A database query takes milliseconds. A Redis call takes microseconds. An LLM call takes anywhere from half a second to thirty seconds, consumes a variable number of tokens on every invocation, costs real money on every request, and can fail in ways that have nothing to do with network connectivity — token limits, content filters, model refusals, context window exhaustion.

Standard application monitoring was not built for this. Your existing latency dashboards will show LLM calls as outliers. Your error rate alerts will fire on model refusals that aren't actually errors. Your cost monitoring won't exist at all unless you build it.

This article builds it. We'll instrument LLM API calls in Python with OpenTelemetry — capturing latency, token consumption, estimated cost, and finish reasons as structured telemetry that you can query, dashboard, and alert on.

The Monitoring Gap in LLM Applications

When you add an LLM to a Python application, you typically get visibility into two things: whether the call succeeded, and how long it took. Everything else — how many tokens it consumed, what the model decided to do, how much it cost, whether it hit a limit — is invisible unless you instrument it explicitly.

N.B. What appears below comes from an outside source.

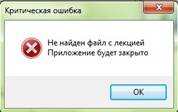 Рисунок 5.2. Поведение программы в исключительной ситуации К сожалению, результаты прошлого тестирования студентов утеряны. Программа в корневом каталоге создала новый файл и при повторном тестировании будет произведена запись результатов в этот файл. Значит, тестирование можно провести заново и результаты тестирования будут фиксироваться и сохраняться. Проведем еще один эксперимент по созданию исключительной ситуации с электронным учебником по дисциплине «Программирование». Теперь студенты удалили файлы с лекциями по темам. При попытке запуска лекций программа выдаст системную ошибку (рисунок 5.3).

This creates real operational problems:

A feature that works in testing starts timing out in production because prompts grew longer than expected and token counts climbed
Costs spike unexpectedly because one endpoint is generating unusually long completions
Users report bad responses but you can't tell whether the model refused, truncated, or hallucinated because finish_reason is never captured
You can't tell which of your ten LLM-powered features is responsible for 80% of your API spend

Structured telemetry on LLM calls fixes all of these. Let's build it.

Prerequisites

Python 3.10+
An OpenAI or Anthropic API key
A running OpenTelemetry Collector or observability backend

Installing Dependencies

pip install opentelemetry-sdk
pip install opentelemetry-api
pip install opentelemetry-exporter-otlp-proto-grpc
pip install openai
pip install anthropic
pip install fastapi uvicorn

Enter fullscreen mode Exit fullscreen mode

Project Structure

llm-monitoring/
├── tracing.py          # OpenTelemetry setup
├── llm_tracer.py       # LLM instrumentation layer
├── cost_estimator.py   # Token cost calculation
├── main.py             # FastAPI application
└── services.py         # LLM-powered features

Enter fullscreen mode Exit fullscreen mode

Step 1: OpenTelemetry Setup

tracing.py

import os
from opentelemetry import trace
from opentelemetry.sdk.trace import TracerProvider
from opentelemetry.sdk.trace.export import BatchSpanProcessor
from opentelemetry.exporter.otlp.proto.grpc.trace_exporter import OTLPSpanExporter
from opentelemetry.sdk.resources import Resource, SERVICE_NAME


def init_tracer(service_name: str) -> trace.Tracer:
    resource = Resource.create({
        SERVICE_NAME: service_name,
        "service.version": "1.0.0",
    })

    exporter = OTLPSpanExporter(
        endpoint=os.environ.get("OTEL_EXPORTER_OTLP_ENDPOINT", "localhost:4317"),
        insecure=True,
    )

    provider = TracerProvider(resource=resource)
    provider.add_span_processor(BatchSpanProcessor(exporter))
    trace.set_tracer_provider(provider)

    return trace.get_tracer(service_name)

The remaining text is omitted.